Some limitations also apply. Although the multiple measurements derived from the ESM and modelled with multilevel regression techniques afforded sufficient statistical power to detect differences in daily life stress reactivity, our relatively small sample size warrants replication in larger samples. Next, due to the small number of remitted participants we were not able to test pre-to-post individual differences in stress reactivity. Further, we did not use a structured interview (SCID-I) at follow-up, but instead relied on a cut-off score of 7 on the 17-item HDRS to define remission from MDD, as recommended in literature. Therefore, it is uncertain if our results apply to subjects whose remission status is assessed with a formal diagnostic interview. Further, the fact that, in addition to psychotherapy, all participants underwent antidepressant treatment according to current practice guidelines (APA,  means that antidepressants may have influenced ESM stress-reactivity measurements). An earlier ESM study showed that treatment with antidepressants, in comparison to placebo, significantly decreased NA-reactivity to activity stress after six weeks [Reference Wichers, Barge-Schaapveld, Nicolson, Peeters, de Vries and Mengelers44]. Also, even with a time-sampling approach like ESM, retrospective biases cannot be entirely eliminated, given that participants reported negative events over 90 min intervals. Furthermore, causal associations between events and mood states cannot be conclusively determined, because event and affect reports were collected simultaneously. However, in support of our assumption that events most likely influenced emotions (and not vice versa), we previously reported that prior events at baseline in the same sample, controlling for effects of current events, were associated with persistent changes in PA and NA [Reference Peeters, Nicolson and Berkhof32]. Further, no reliability data on diagnoses with the use of SCID interview are available. A research psychiatrist (FP) assessed all SCID interviews. No other raters were involved.
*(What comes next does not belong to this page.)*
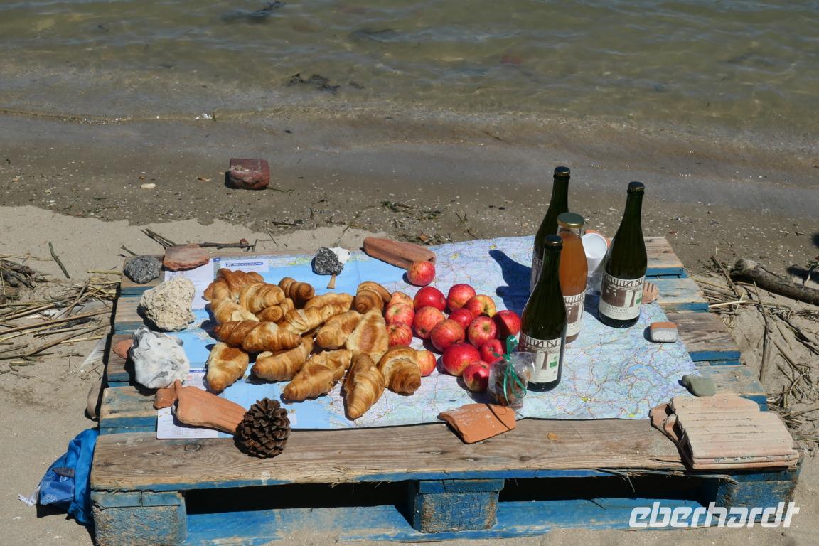 Mondän und großzügig präsentierte sich das Städtchen Deauville, das noch ein Hauch der Jahrhundertwende umwehte. 1911 wurde direkt am Meer das Casino errichtet und mit dem Bau von Luxushotels wurde die Entwicklung von Deauville zum Luxusbadeort weiter vorangetrieben. In den Folgejahren waren namhafte Künstler aller Sparten, Politiker und Geschäftsleute regelmäßig zu Gast: Josephine Baker, Maurice Chevalier, Sacha Guitry, Tristan Bernerd, Gustave Flaubert, André Citroën und Coco Chanel sowie Eugène Boudin, Raoul Dufy, Camille Saint-Saëns, Yves Saint Laurent und Arthur Rubinstein. Die 643 Meter lange Promenade von Deauville wurde zum Laufsteg der Eitelkeiten und prickelnder Champagner floss in Strömen. Dieser Tradition folgend ließen auch wir die Korken knallen und genossen bei einem spontan organisierten Picknick Croissants und prickelnden Cidre aus der Region!

Last, NA and PA were rated at the same moment that activity and social stress were assessed. This is in contrast with the assessment of small negative events, which may have occurred maximally 90 minutes before mood assessment. As a result of this delay, we cannot rule out an underestimation of the association between negative events and mood in comparison to mood responses associated with the two other types of stress. In conclusion, the current findings suggest that greater stress reactivity to negative events and stressful daily activities may be a state-dependent characteristic of MDD, normalizing upon remission. Heightened stress reactivity to social contexts, on the other hand, was observed in remitted as well as in non-remitted patient groups, suggesting that sensitivity to social stress may reflect an underlying vulnerability for development and recurrence of MDD.
Disclosure of interest
The authors declare that they have no conflicts of interest concerning this article.